Po reportażu "Don Stanislao" Marcina Gutowskiego pada coraz więcej pytań na temat udziału kardynała Dziwisza w tuszowaniu przypadków pedofilii wśród dostojników kościelnych. Do dzisiaj były metropolita krakowski milczy w tej sprawie. Wydał jedynie oświadczenie, w którym zapewniał, że chce, by sprawa była wyjaśniona i wyraził chęć współpracy z powołaną w tej sprawie komisją.
Nad kardynałem Stanisławem Dziwiszem zbierają się ciemne chmury. Do Polski przybyła w połowie czerwca specjalna komisja, która badała zarzuty wobec kardynała, dotyczące ukrywania aktów pedofilii w Kościele. Na czele komisji stanął kard. Angelo Bagnasco - emerytowany arcybiskup Genui i były przewodniczący Konferencji Episkopatu Włoch. Na razie Bagnasco zakończył przesłuchania świadków. Jak poinformowała Nuncjatura Apostolska, celem wizyty kard. Angelo Bagnasco, była weryfikacja sygnalizowanych zaniedbań kard. Stanisława Dziwisza podczas pełnienia przez niego funkcji arcybiskupa metropolity krakowskiego. Chodzi m.in. sprawy tuszowania pedofilii w podległych mu wówczas parafiach. Tymczasem były metropolita krakowski wyjechał na wakacje i zamiast ciemnych chmur nad swoją głową widzi słońce, wypoczywając na chorwackiej plaży.

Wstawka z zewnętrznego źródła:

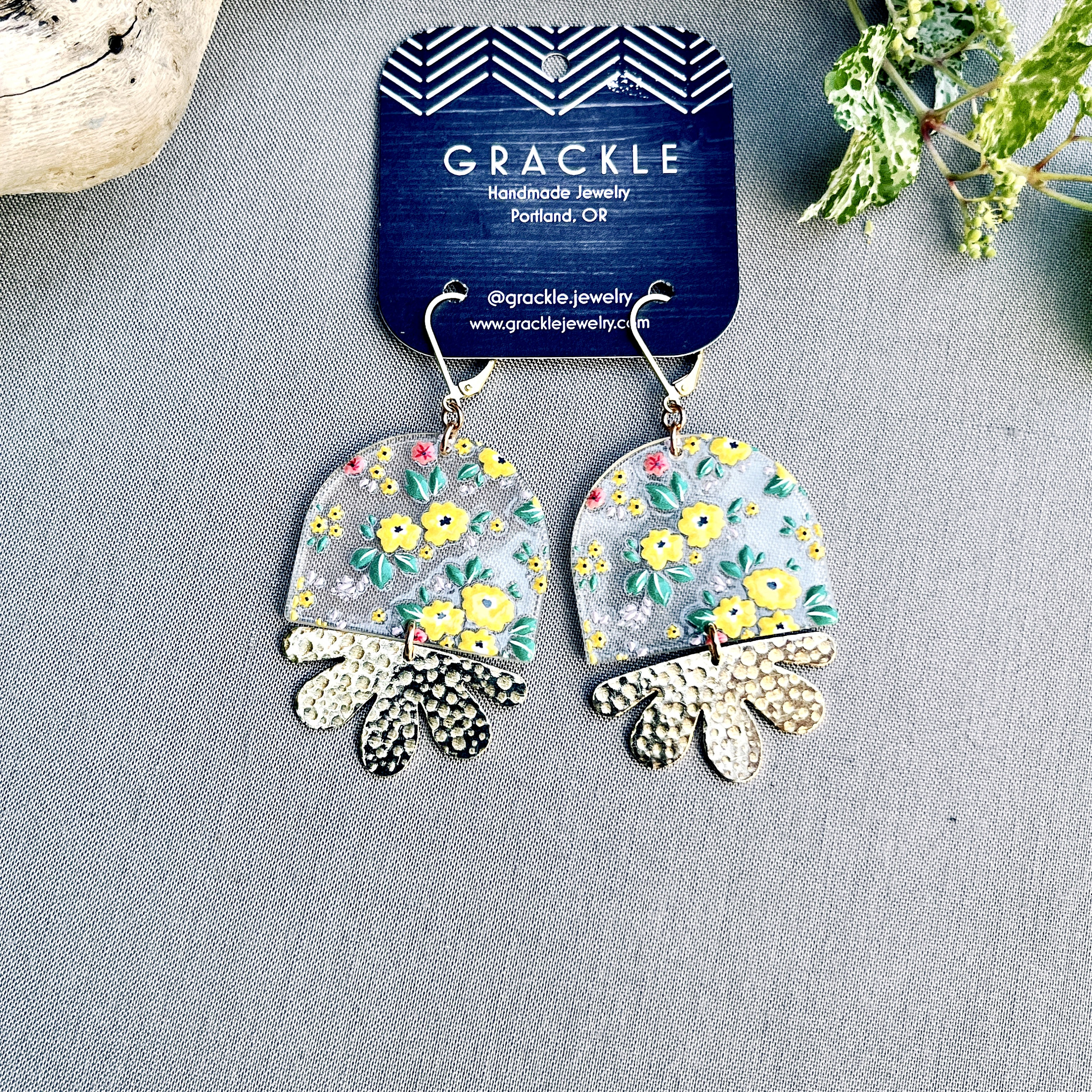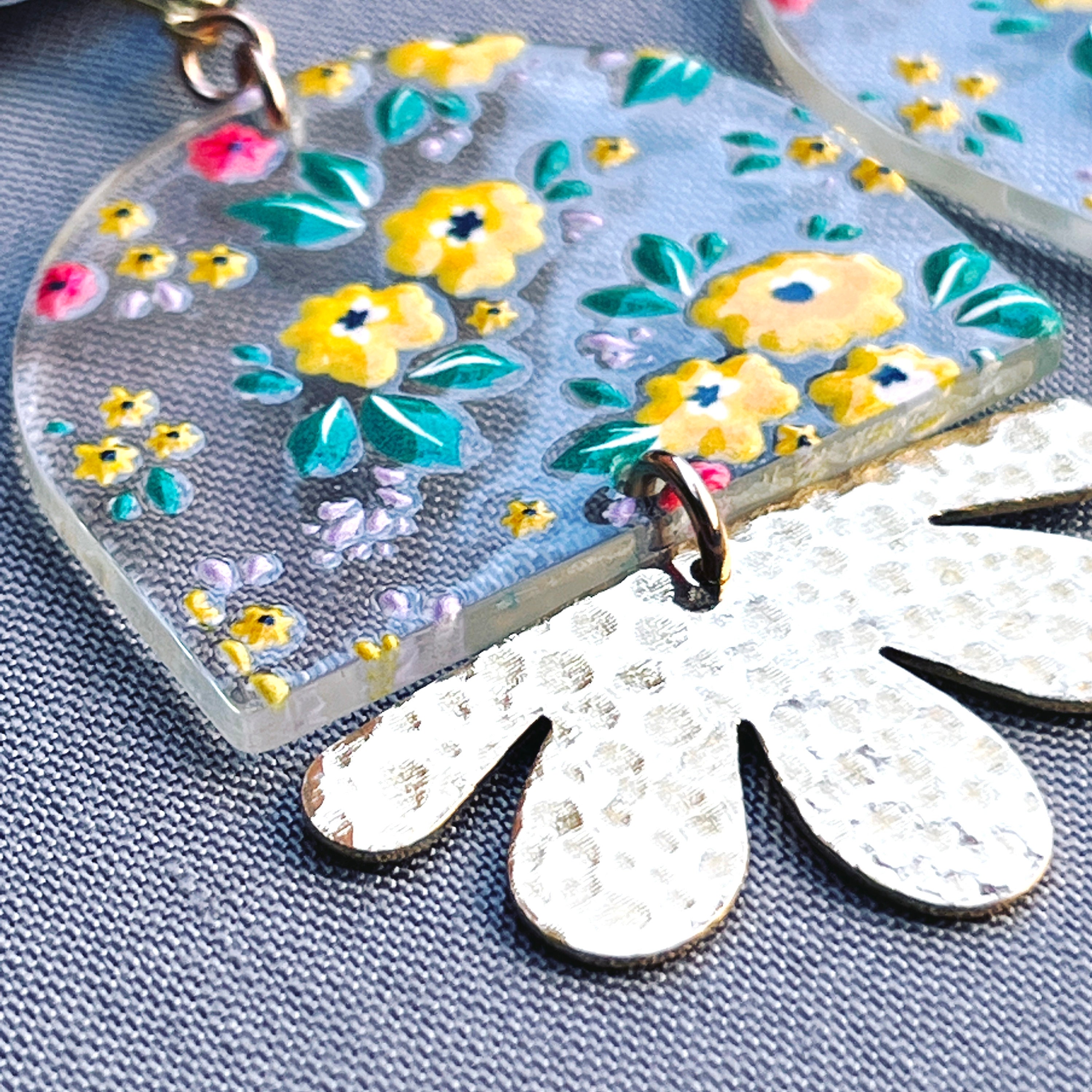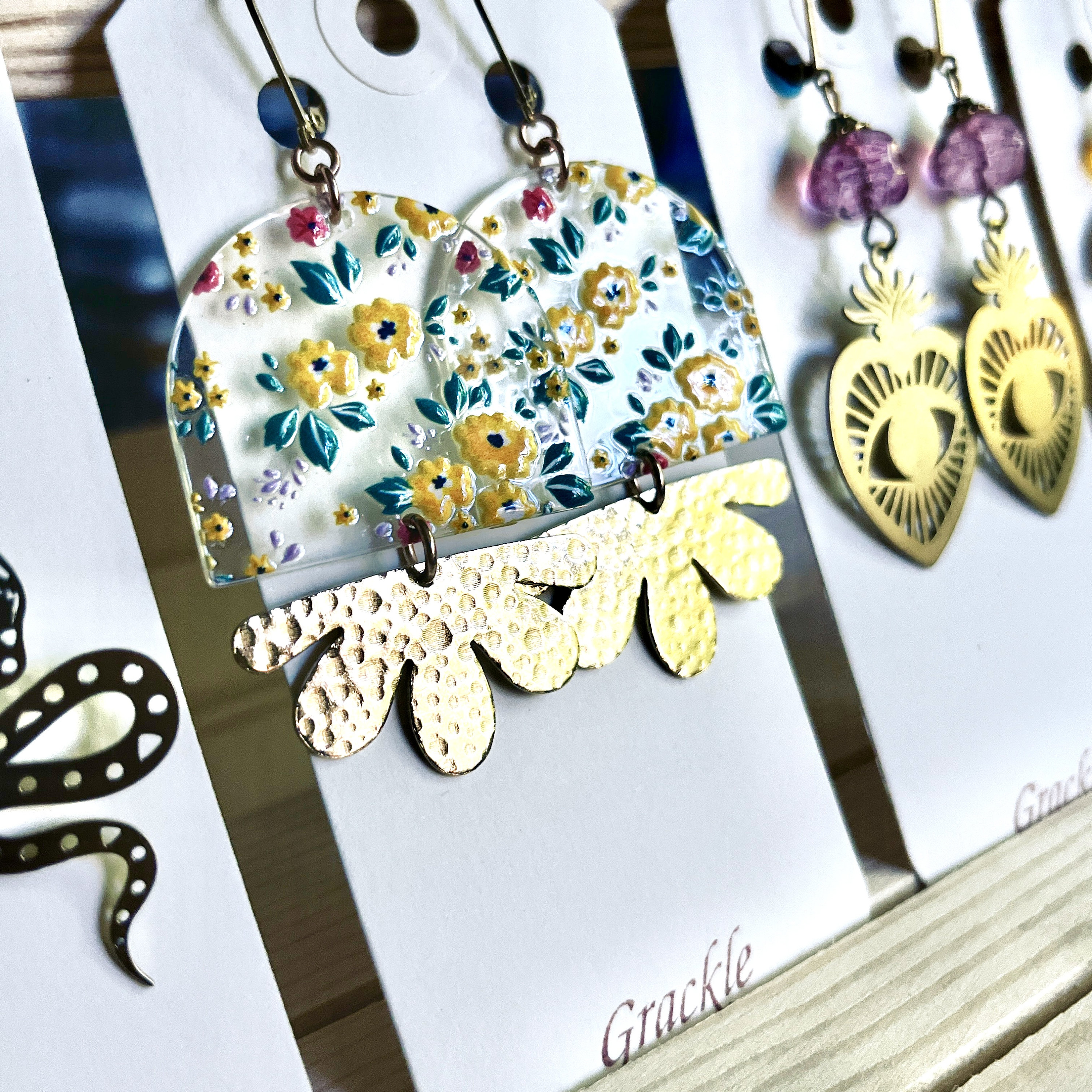 • Lightweight acrylic arches embossed with yellow and pink flowers and paired with brass petal charms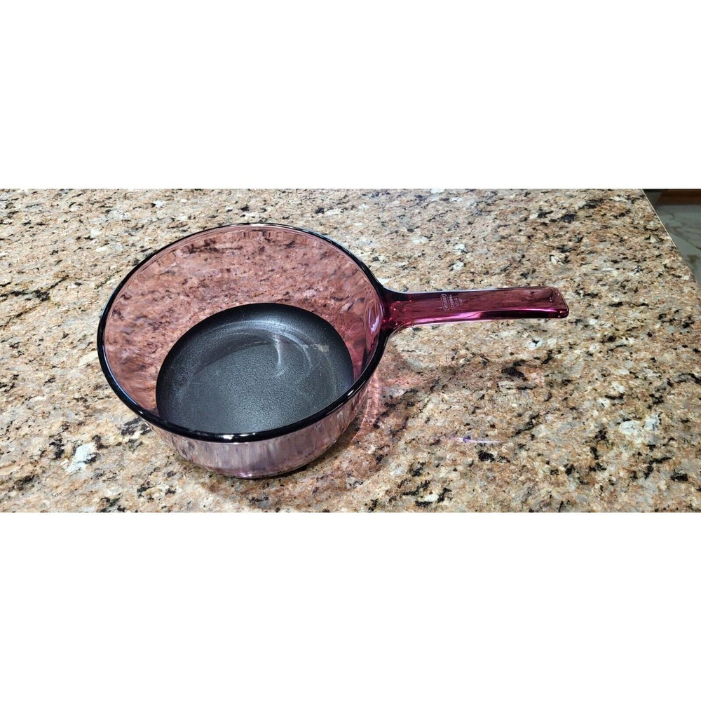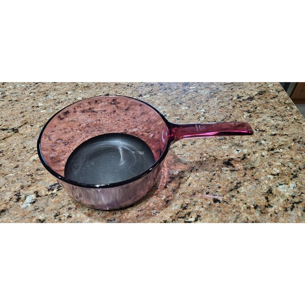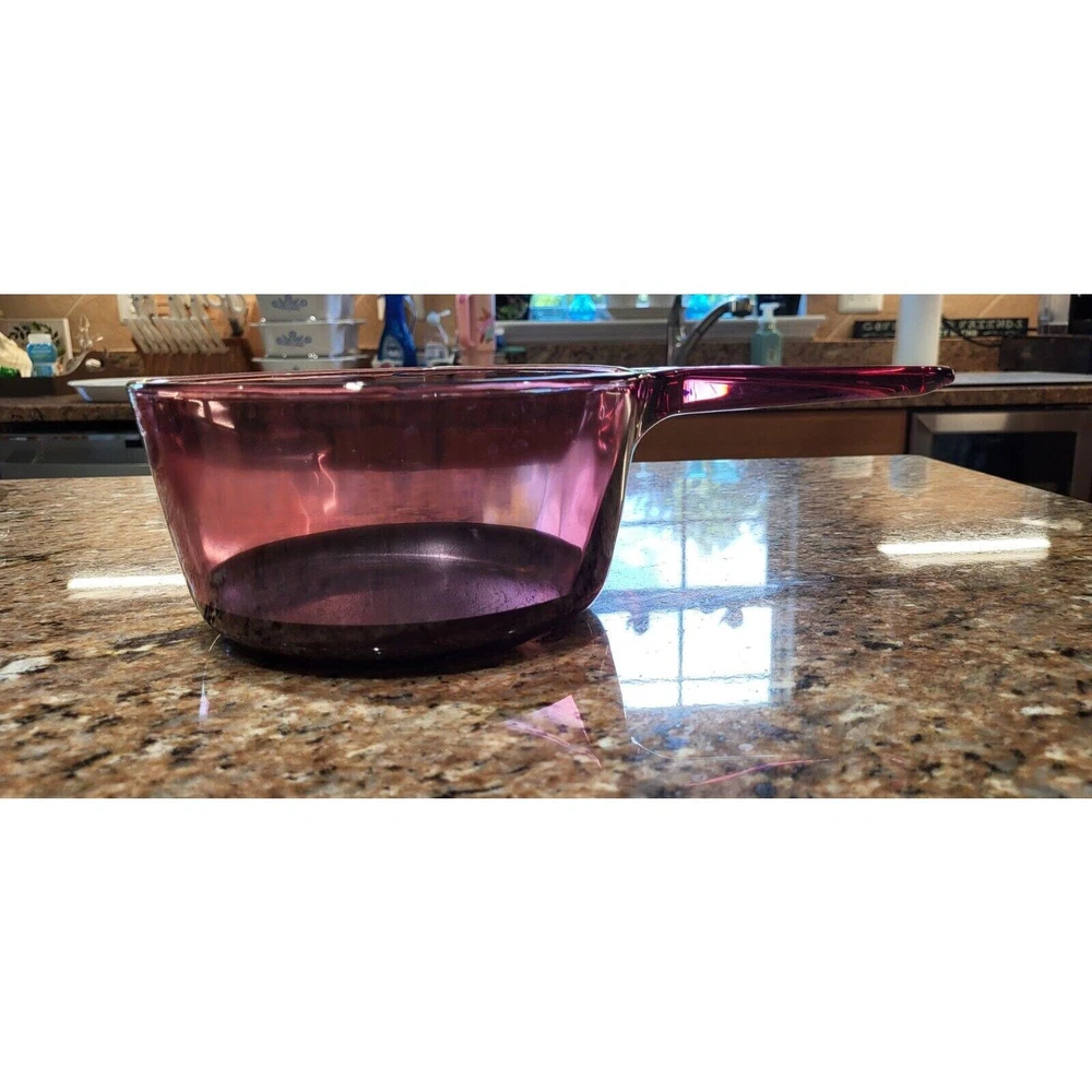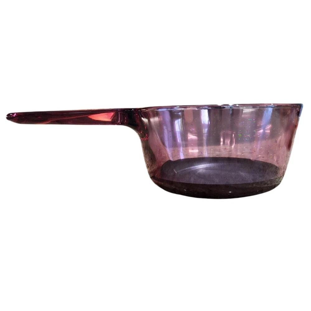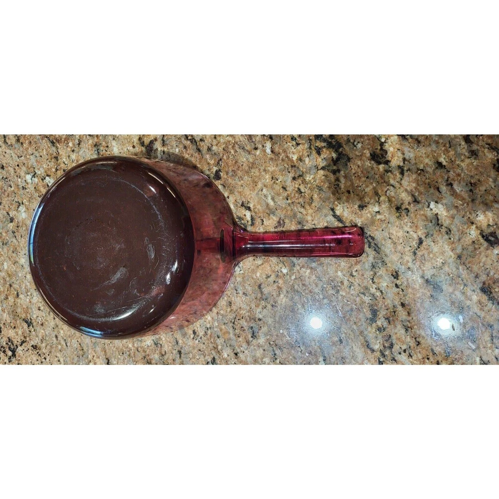 Add a pop of color to your kitchen with this Vintage Cranberry Visions Sauce Pan. Made by the renowned brand VISIONS, this casserole pan/pot has a 1.5-liter capacity and is perfect for cooking and serving sauces. Included is an amber color lid The set includes a non-stick surface coating that ensures easy cleaning. This original, licensed reproduction piece is compatible with all stove types. Its unique cranberry color adds a touch of elegance to your kitchen while its vintage design brings a classic touch to your collection. Don't miss out on this rare find! There are some halos in the teflon in the sauce pan from use. Please review the pictures for condition. Otherwise no chips or cracks! Add this to your collection today!

Dziennik "Fakt" opublikował zdjęcia kardynała Dziwisza korzystającego z uroków lata w chorwackim miasteczku Klek. Podczas urlopu towarzyszą mu najbliżsi współpracownicy. Wszyscy zażywają kąpieli w Adriatyku i przesiadują pod parasolami na plaży.
Dzień spędzają na opalaniu się, kąpaniu się w morzu i wycieczkach. Nawet kucharza przywieźli z Polski - relacjonuje informator "Faktu"
Dziennikarze próbowali się skontaktować z kardynałem Dziwiszem, ale w sekretariacie kurii przekazano im, że jest na urlopie.
Przypomnijmy, były sekretarz Jana Pawła II jest oskarżany o tuszowanie pedofilii w kościele. Jego nazwisko pojawia się w sprawie molestowania w Legionie Chrystusa oraz sprawie oskarżonego o pedofilię kardynała Theodore'a McCarricka. Watykan opublikował ponad 400-stronnicowy raport, w którym przyznano, że Dziwisz wiedział o przejawach pedofilii u amerykańskiego kapłana.